As for taking the predation burden off the blacktails and muleys, I'm not sure it would have a measurable impact.  I can even see where it would be negative.  By creating another food source for the predators, we might see an increase in population there...sort of equals out.  But again, the limited habitat  will still only support a certain number of animals, whether it's mule deer or whitetail, so the point is probably moot.  

It would prove to be an interesting experiment, but one I'd rather not see performed.  

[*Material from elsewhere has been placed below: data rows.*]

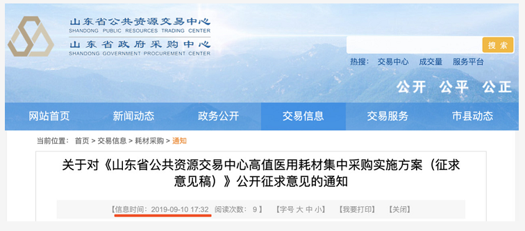 昨日(9月10日),山東省公共資源交易中心發布關于對“高值醫用耗材集中采購實施方案”公開征求意見的通知。
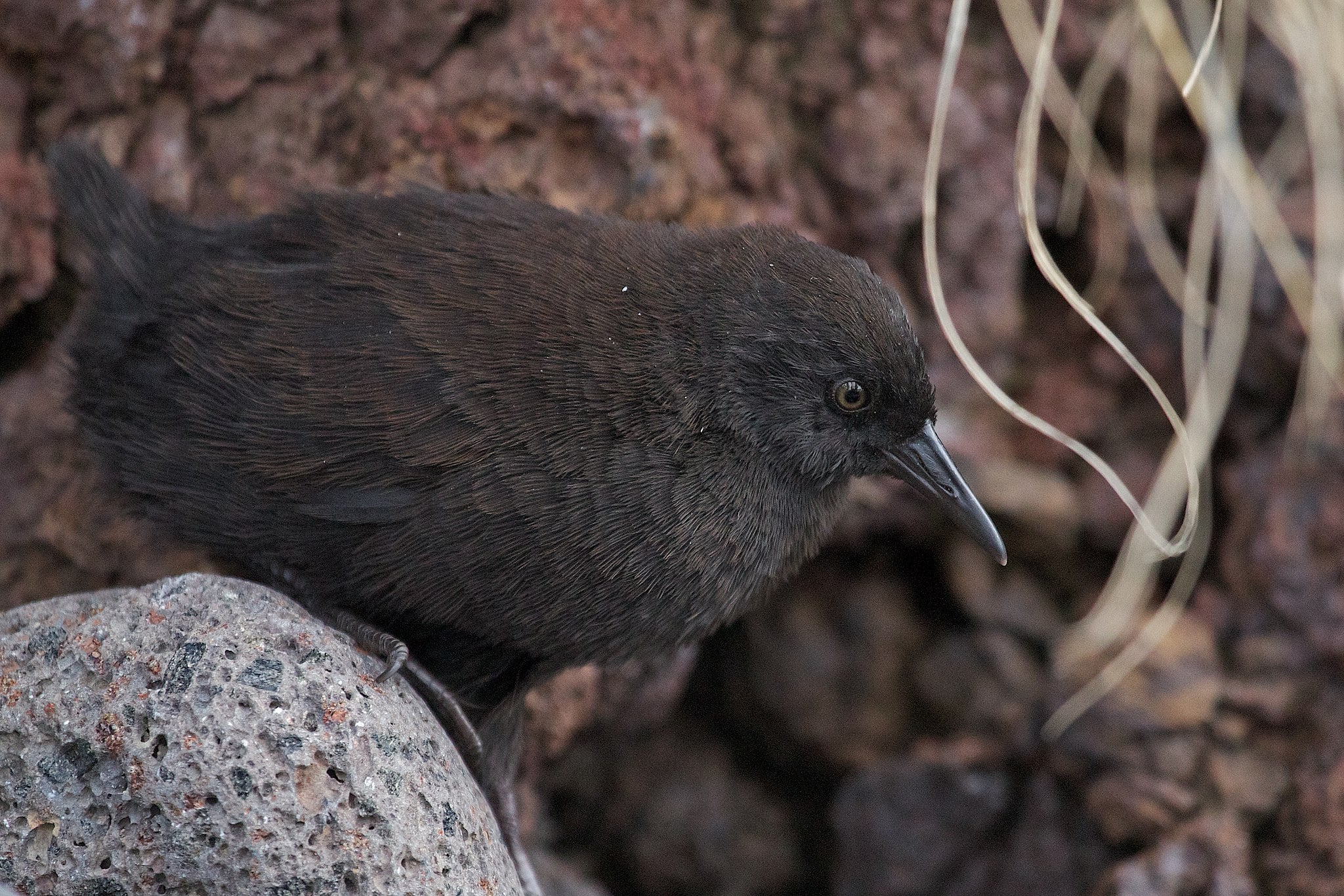 The Inaccessible Island rail has brown plumage, black bill and feet, and adults have a red eye. It occupies most habitats on Inaccessible Island, from the beaches to the central plateau, feeding on a variety of small invertebrates and also some plant matter. Pairs are territorial and monogamous, with both parents being responsible for incubating the eggs and raising the chicks. Its adaptations to living on a tiny island at high densities include low base metabolic rates, small clutch sizes, and flightlessness.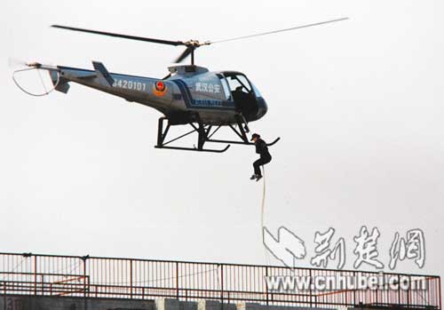 1996年的一天,两歹徒持枪杀人后劫持人质逃进居民区。为保证人质不受伤害,防暴警察在警用直升机上顺着绳梯降到楼顶,从后窗钻进屋内将歹徒擒获。人质安全解救。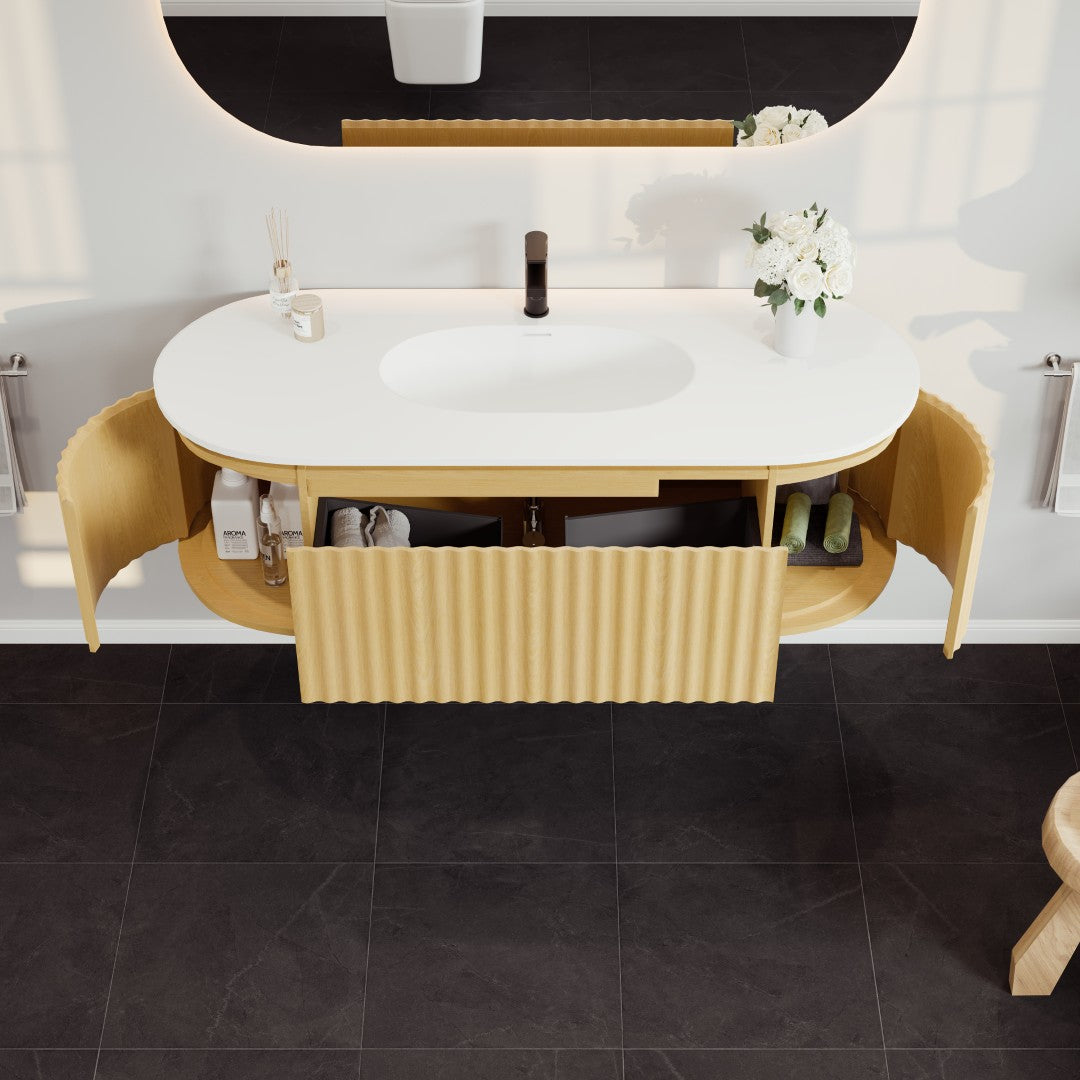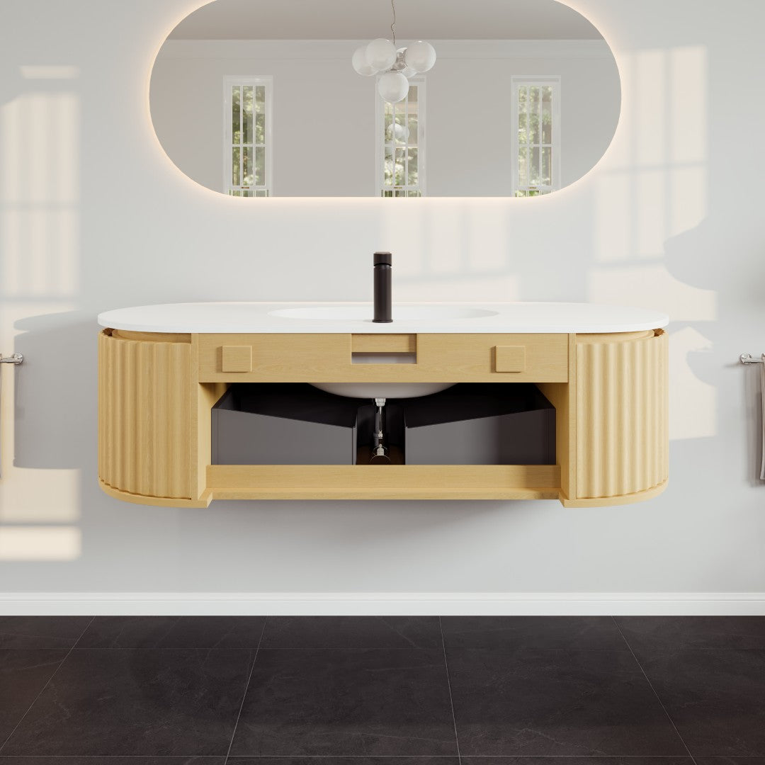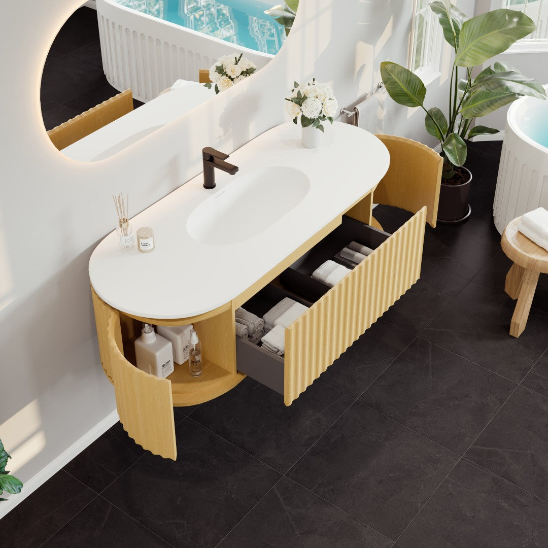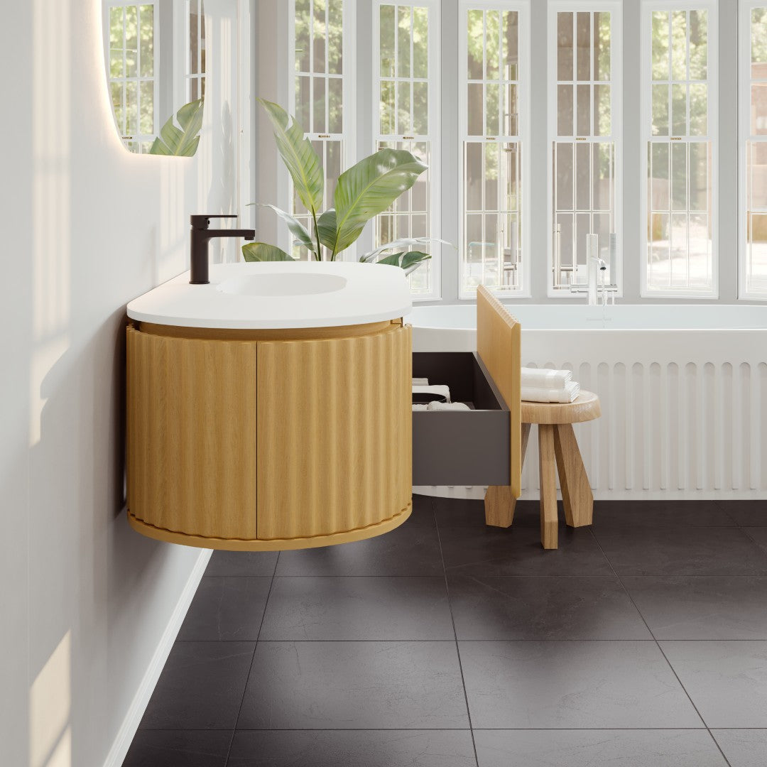 The Haven vanity drapes the room in quiet luxury—its fluted oak facade and softened corners create a gentle rhythm that feels bespoke. I love how the seamless solid surface top melts into the integrated basin, a crisp counterpoint to the warm wood. Style it with matte black fixtures and a softly backlit mirror to accentuate the floating silhouette. It’s a refined essential that elevates daily rituals into moments of indulgence.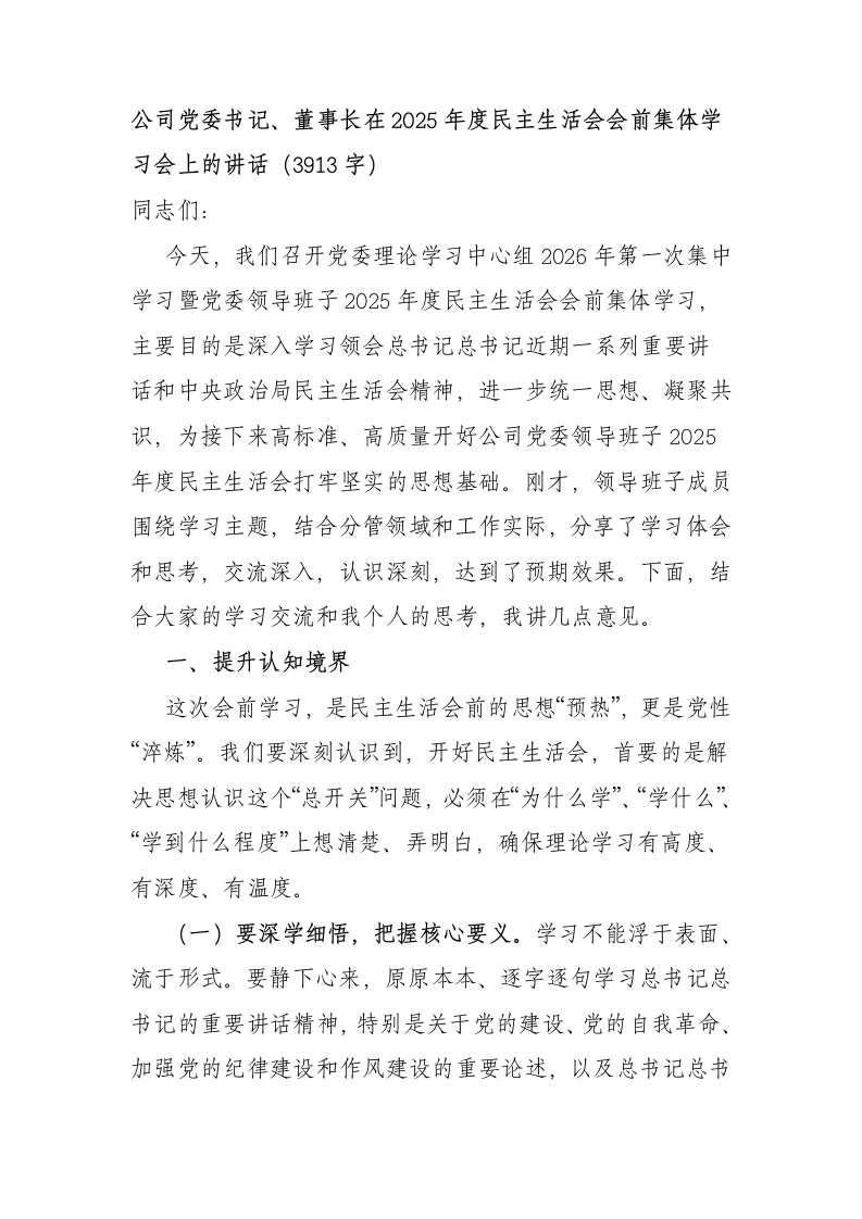 公司党委书记、董事长在2025年度民主生活会会前集体学习会上的讲话(3913字)同志们:今天,我们召开党委理论学习中心组2026年第一次集中学习暨党委领导班子2025年度民主生活会会前集体学习,主要目的是深入学习领会总书记总书记近期一系列重要讲话和中央政治局民主生活会精神,进一步统一思想、凝聚共识,为接下来高标准、高质量开好公司党委领导班子2025年度民主生活会打牢坚实的思想基础。刚才,领导班子成员围绕学习主题,结合分管领域和工作实际,分享了学习体会和思考,交流深入,认识深刻,达到了预期效果。下面,结合大家的学习交流和我个人的思考,我讲几点意见。一、提升认知境界这次会前学习,是民主生活会前的思想“预热”,更是党性“淬炼”。我们要深刻认识到,开好民主生活会,首要的是解决思想认识这个“总开关”问题,必须在“为什么学”、“学什么”“学到什么程度”上想清楚、弄明白,确保理论学习有高度、有深度、有温度。(一)要深学细悟,把握核心要义。学习不能浮于表面、流于形式。要静下心来,原原本本、逐字逐句学习总书记总书记的重要讲话精神,特别是关于党的建设、党的自我革命、加强党的纪律建设和作风建设的重要论述,以及总书记总书记在二十届中央政治局第二十一次集体学习、对深入贯彻中央八项规定精神学习教育的重要指示和中央纪委五次全会上的重要讲话精神。要深刻理解其中蕴含的马克思主义立场、观点、方法,把握其精神实质和核心要义,不能停留在读过了、学过了的层面,而要真正内化于心,做到融会贯通。就像磨刀一样,理论学习不磨到一定程度,刀刃就不会锋利,就难以在查摆问题、开展批评时切中要害、触及灵魂。(二)要融会贯通,形成系统思维。总书记新时代中国特色社会主义思想是一个系统完整、逻辑严密的科学体系。学习不能碎片化、孤立化。要把今天学习的内容,同党的二十大和二十届历次全会精神结合起来,同总书记总书记考察云南重要讲话精神等贯通起来,放在新时代党和国家事业发展全局中来理解,放在公司改革发展稳定的具体实践中来思考。要看到讲话要求之间的内在联系,比如,加强纪律建设与推进自我革命的关系,改进作风与担当作为的关系,从而形成一个全面的、系统的认识框架,避免“只见树木,不见森林”。这种系统性的把握,能帮助我们更精准地定位自身存在的问题,看清问题背后的深层次原因。(三)要对标对表,校正思想偏差。学习的最终目的是为了应用,为了改造主观世界和客观世界。我们要以中央政治局民主生活会为标杆,自觉向党中央看齐,向党的理论和路线方针政策看齐,向党中央决策部署看齐。要经常用总书
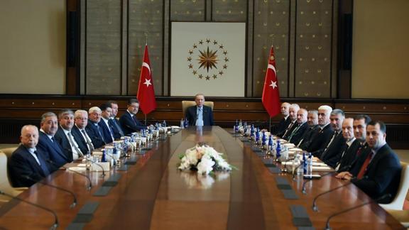 Başkan Erdoğan, 14 Mayıs Dünya Çiftçiler Günü dolayısıyla Tarım ve Orman Bakanı İbrahim Yumaklı, Türkiye Ziraat Odaları Birliği (TZOB) Genel Başkanı Şemsi Bayraktar ve üyelerinin de yer aldığı heyetle Cumhurbaşkanlığı Külliyesi'nde bir araya geldi.

You might try scrolling back a ways through the threads.  A very similar discussion to this one took place a couple of months ago.
 

coyote

Well-known member
Joined
Mar 20, 2001
Messages
114
Reaction score
0
Hi Guys
it's tough call.  It's a fact the whites are gaining territory here in Canada as well.  
I believe the preditor numbers will rise as populations of whitetail increase ...so possibly the mulies will see no break in that respect.  I think highways will claim more than the preditors.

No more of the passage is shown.